God and His Demons is a 2010 polemic by political scientist and cultural critic Michael Parenti
, questioning their "holy" reputations and highlighting their ties to reactionary political regimes. Institutional Exploitation
One of the primary concerns with the concept of God and his demons is the problem of evil. If God is all-powerful, all-knowing, and benevolent, why does evil exist? The presence of demons, or malevolent entities, seems to contradict the notion of a benevolent God. This paradox is often referred to as the "problem of evil." If God is capable of preventing evil, knows that evil exists, and desires to prevent it, then why does evil persist?

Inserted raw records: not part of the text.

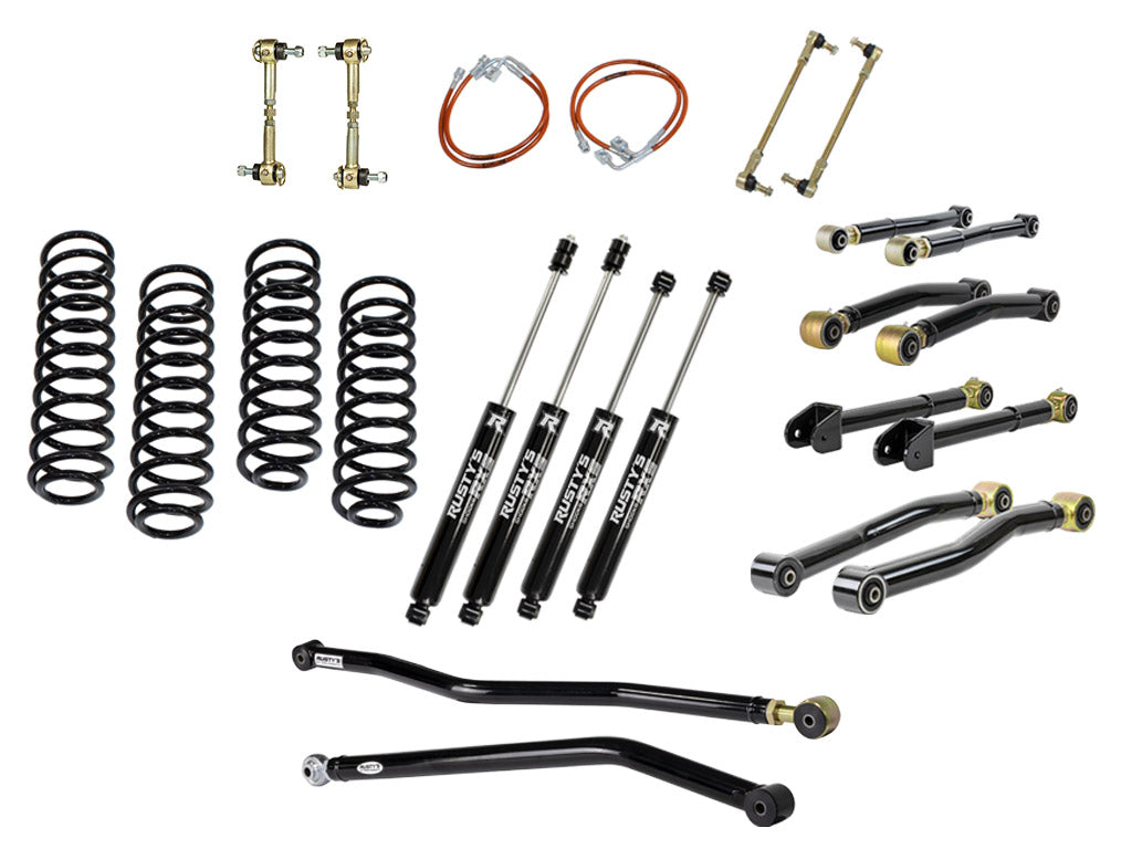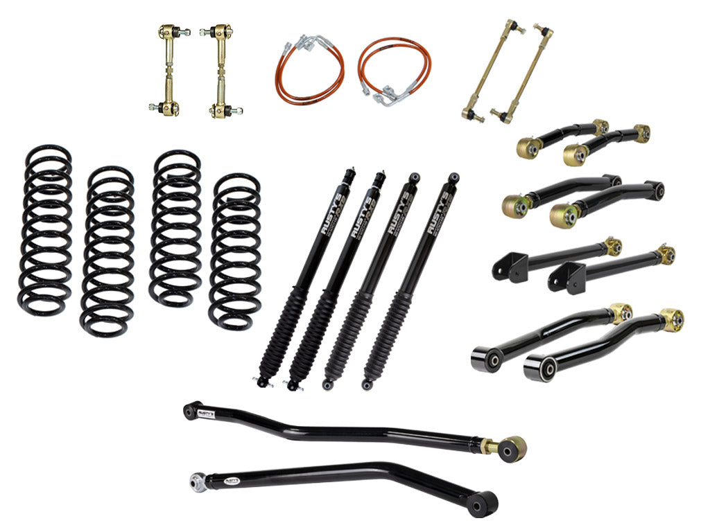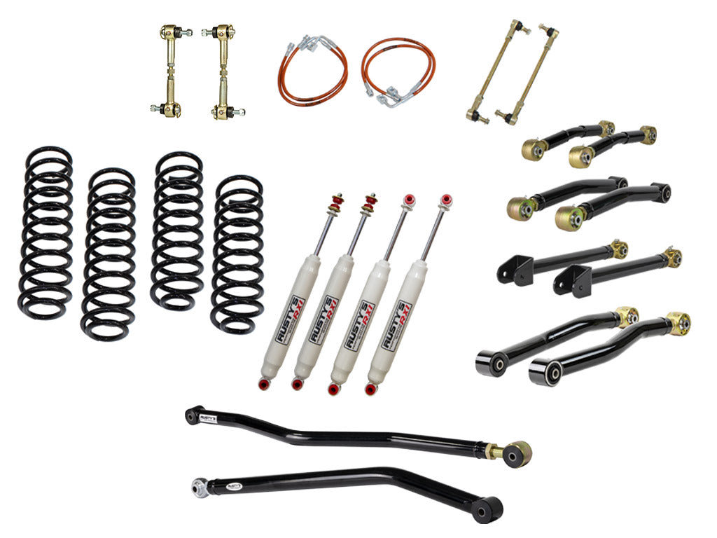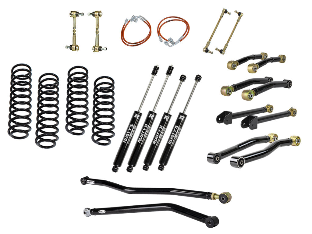 The Rusty's Performance kit starts with everything needed in one kit to build your JK Wrangler to crawl the rocks, run the high mountain roads or take the boat to the lake. This suspension kit includes our replacement front and rear coil springs, proudly made in the USA, that are designed to deliver the same ride as the factory but with an emphasis on better off-road capability. The axles are properly centered under the frame with Rusty's front and rear adjustable track bars. Then the "Performance" kicks in with a complete set of Rusty's Adjustable Control Arms. These arms are heavy-duty constructed with beefy 2-inch DOM tubing that is mandrel-bent to provide necessary tire clearance. The adjustable forged flex ends use massive 1.25-inch threads for even more strength. They are also re-buildable, the massive front and rear lower arms are also a High Clearance design, The fixed ends of the arms feature Rusty's OEM style rubber bushings for superior longevity and quiet operation, while the Rusty's Re-buildable Adjustable Forged Flex Joints offer's maximum articulation and additional bind-free suspension flex. The front and rear lower control arms being adjustable allow the user to fine-tune driveline angles, wheelbase, and caster. This is huge when setting up the suspension for proper handling and driving.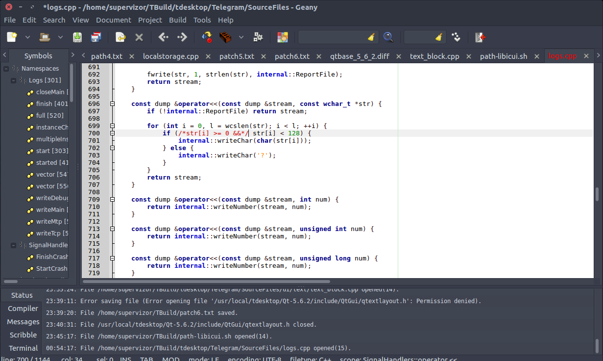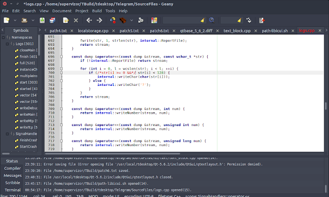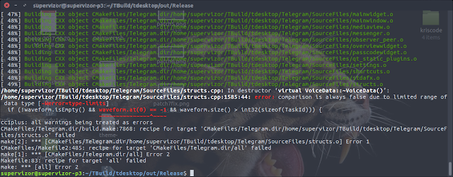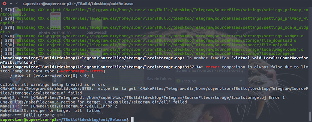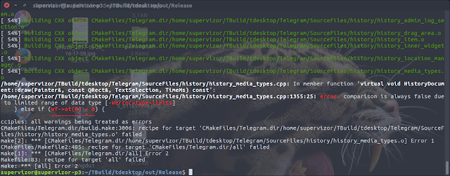After following the steps for installing prerequisites, the final step was to go into the TBuild/tdesktop/out/Release folder of where my sources were, and running the one final make. Only during that final building I have encounter few errors, and below they are listed in the chronological order. Included are fixes I made to enable the build process to continue. To be fair, the compiler is set for a mode of operation in which all warnings are treated as errors, so some of the errors described here are actually just warnings and would have not prevented the compilation otherwise. Especially was the case with few warnings about if statement conditions that always resolve to true, which were treated by the compiler as errors.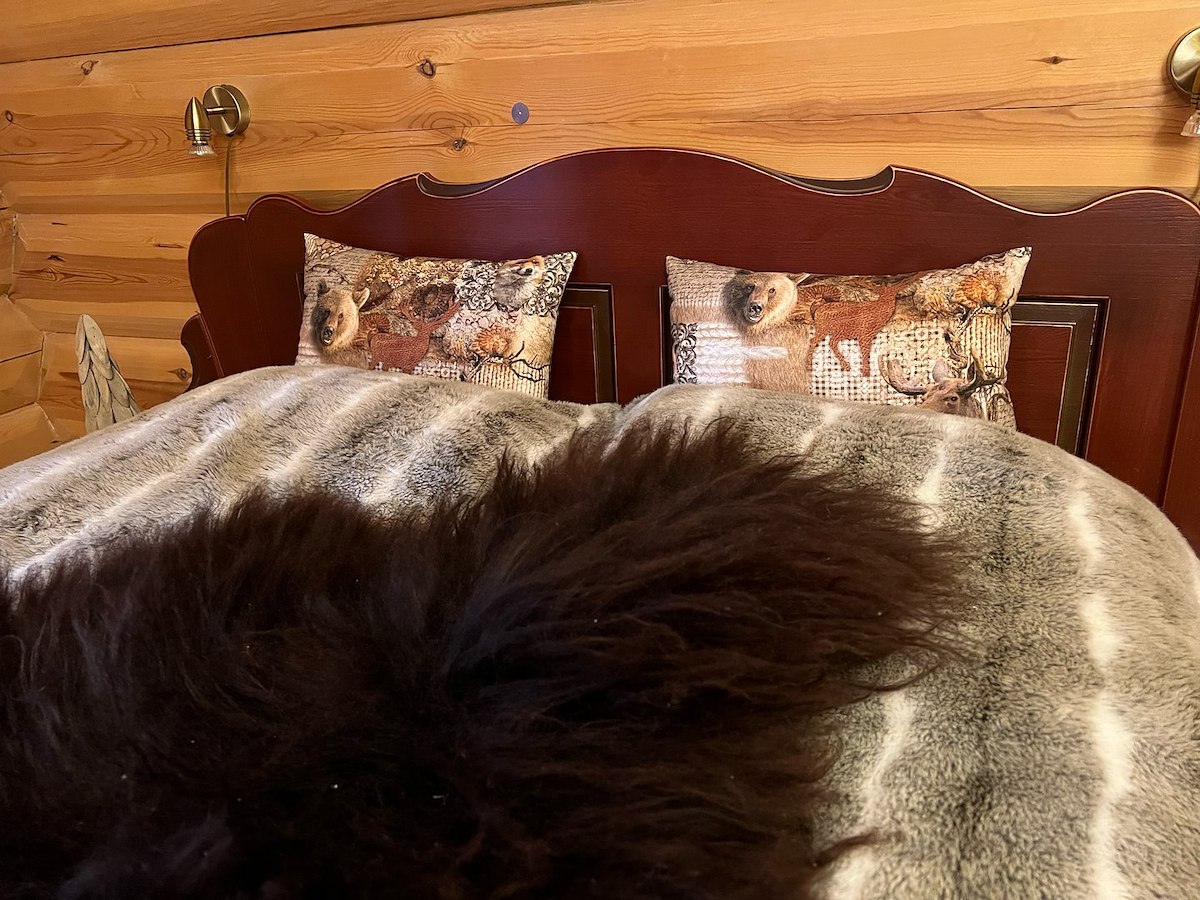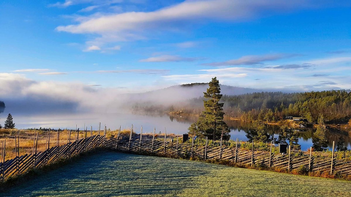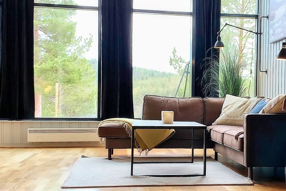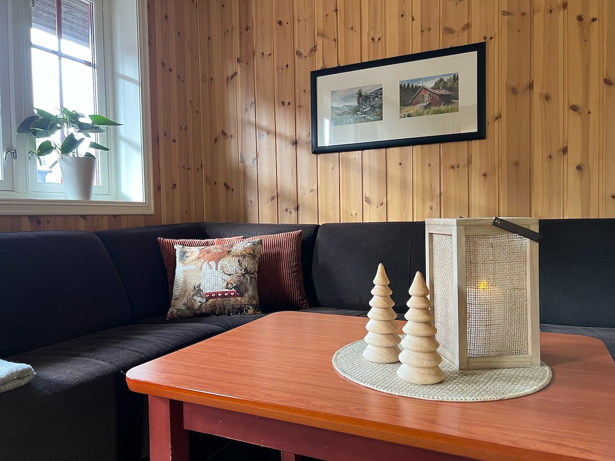 Guest room 18 m2: Cozy guest room with double bed 160*200 cm, sofa bed, coffee table, 49 inch flat screen, fridge, wardrobe, shower and toilet. Vinyl stick on floor. Large glass windows with a view of the lake Savalen. Terrace. Dogs allowed in some of the rooms, extra.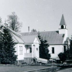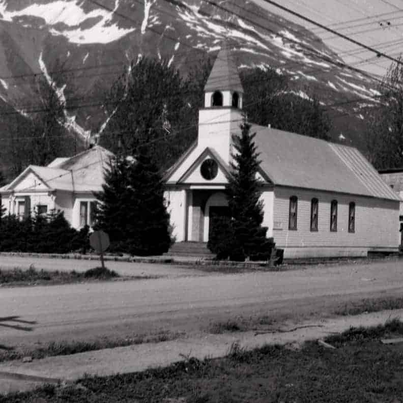 Associated with the Assemblies of God Church, the “chapel” ran a children’s home on the same block. Two tall Spruce trees remain from Old Town and flag the church’s entrance. The church’s bell located in a handsome tower, rang out on Sundays calling the local congregation to service. The church, itself, did not move to New Valdez, but the bell found a new home there.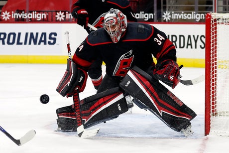 Counting Saturday, the 28-year-old Mrazek has played in four of Carolina’s five games this season. He was 2-1-0 in the first three games with two shutouts, 63 saves and a 1.00 goals-against average.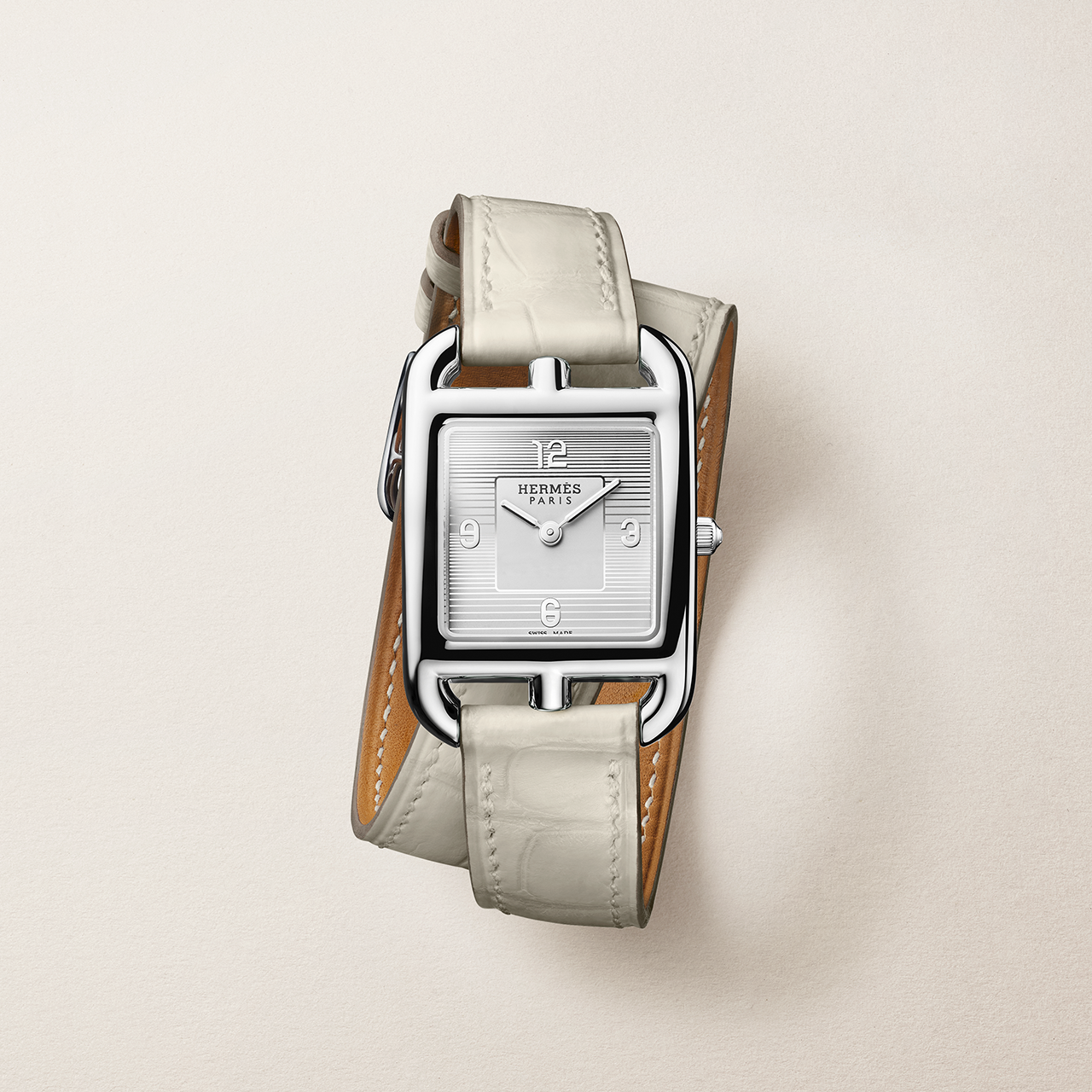 エルメスの時計のなかでも、レザーやジュエリーの気配がいちばん自然に表れるのがケープコッドだ。1991年にアンリ・ドリニー(Henri d’Origny)氏が、シェーヌ・ダンクル(船の錨の鎖をモチーフにしたメゾンのアイコニックなジュエリーコレクション)から着想を得て生み出したこのモデルは、端正なスクエアにやわらかな丸みを重ねたケース形状が特徴で、堅すぎないのにきちんと見える。この絶妙なバランスこそエルメスらしく、普段の服でも自然に上品に見せてくれる。
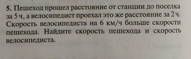 Ответ: 4 км/ч скорость пешехода ; 10 км/ч скорость велосипедиста

The vision shifted. He saw a demon, the one who used to manage the file on "Children Who Die Before Baptism." The demon had not stopped working. It couldn't. It was its nature. For ten thousand years, it had been filing the same infinite folder, but now there was no destination for the files. So the demon had improvised. It had started filing them in the hearts of the living. Into the quiet moments before sleep. Into the space between a parent's goodbye and a car crash.
Institutional Hypocrisy: He critiques historical figures often considered "saints" (such as Mother Teresa) and explores the political alliances between religious institutions and right-wing regimes. Accessing the Text
Assuming you are looking for the content rather than just the file, here are the three major arguments you will encounter if you locate the document.
Unique among critics, Parenti extends his scrutiny to Eastern traditions. He specifically challenges the "Shangri-La myths" of old Tibet, describing the oppressive feudal control maintained by Buddhist clerics before 1959. Is There Hope for the Sacred?